Nargis’ later triumphs as an actor include Miss India (1957), Pardesi (1957), Adalat (1958), Lajwanti (1958), and Mehboob’s magnum opus Mother India (1957). A remake of Mehboob’s earlier hit Aurat (1940), Mother India helped Nargis win the Filmfare Award for her outstanding performance. Her prowess was praised internationally as well, and the film was nominated for an Academy Award for the Best Film in Foreign Language category. She also won the Best Actress award at the prestigious Karlovy Vary International Film Festival. With Mother India, Nargis reached the pinnacle of her glory as a screen tragedienne. In 1958, Nargis was also awarded the Padma Shri for her excellence and contribution to the arts. She was the first film actress to be felicitated with this honour.
Nargis’ romance with the accomplished film actor Sunil Dutt—who played her son in Mother India—started on the sets of the film itself. The two were married in a small ceremony in Bombay on March 11, 1958. The couple later had three children, Sanjay Dutt, the actor, and Namrata and Priya Dutt.
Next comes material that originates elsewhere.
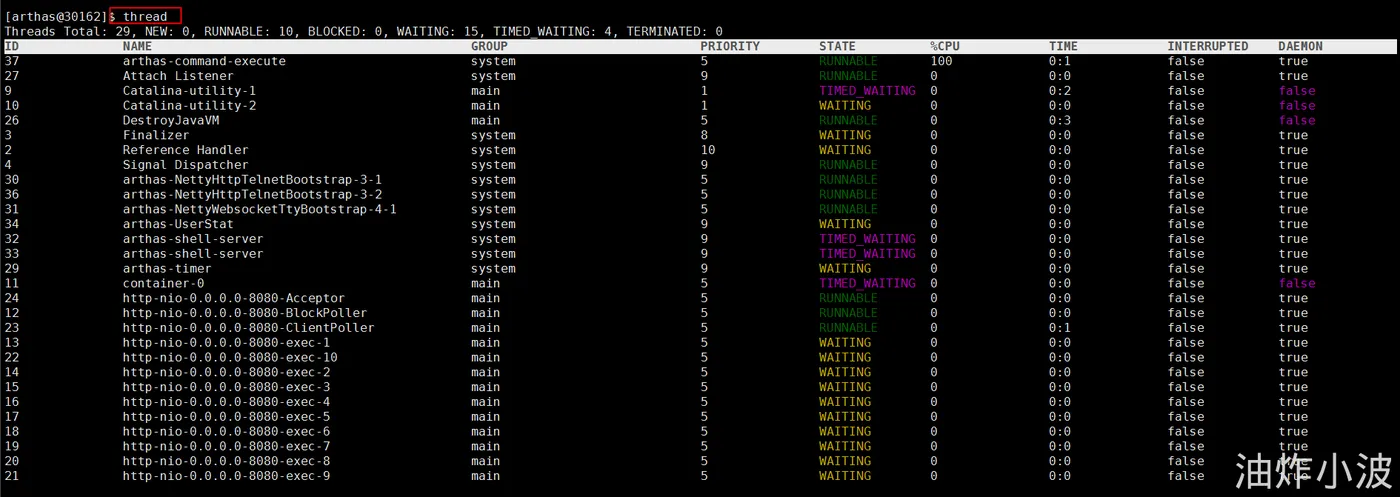 - ID: Java级别的线程ID,注意这个ID不能跟jstack中的nativeID一一对应

Following her marriage, Nargis took a break from the movies. She lent her voice for Sunil Dutt’s Yaadein (1964) and then appeared in the film Raat Aur Din (1967). One of her most challenging roles, Nargis played a woman with a split personality in the film, winning the National Award for Best Actress for that year. Post 1967, she retired from films completely and busied herself with social work. In 1980, she became a member of the Rajya Sabha.
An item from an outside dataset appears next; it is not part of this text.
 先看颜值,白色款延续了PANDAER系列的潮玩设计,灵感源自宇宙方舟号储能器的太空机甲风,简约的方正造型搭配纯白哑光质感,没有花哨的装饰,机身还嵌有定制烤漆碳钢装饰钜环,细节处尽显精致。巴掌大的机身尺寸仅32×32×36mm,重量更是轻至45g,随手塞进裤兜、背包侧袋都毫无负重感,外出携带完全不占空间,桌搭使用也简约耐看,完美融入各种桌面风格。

Unfortunately, Nargis was diagnosed with pancreatic cancer in the same year. After receiving treatment at the Memorial Sloane Kettering Cancer Centre in New York for a few months, she went into a coma for two months. Though she returned home for a short recovery period, she fell ill again. The doyenne of Hindi cinema thus breathed her last on 3 May 1981 at only 52, just a few days before the premiere of Rocky (1981), her son Sanjay Dutt’s debut film. A road in Bandra, Mumbai, was named after Nargis to commemorate her immeasurable contribution to cinema.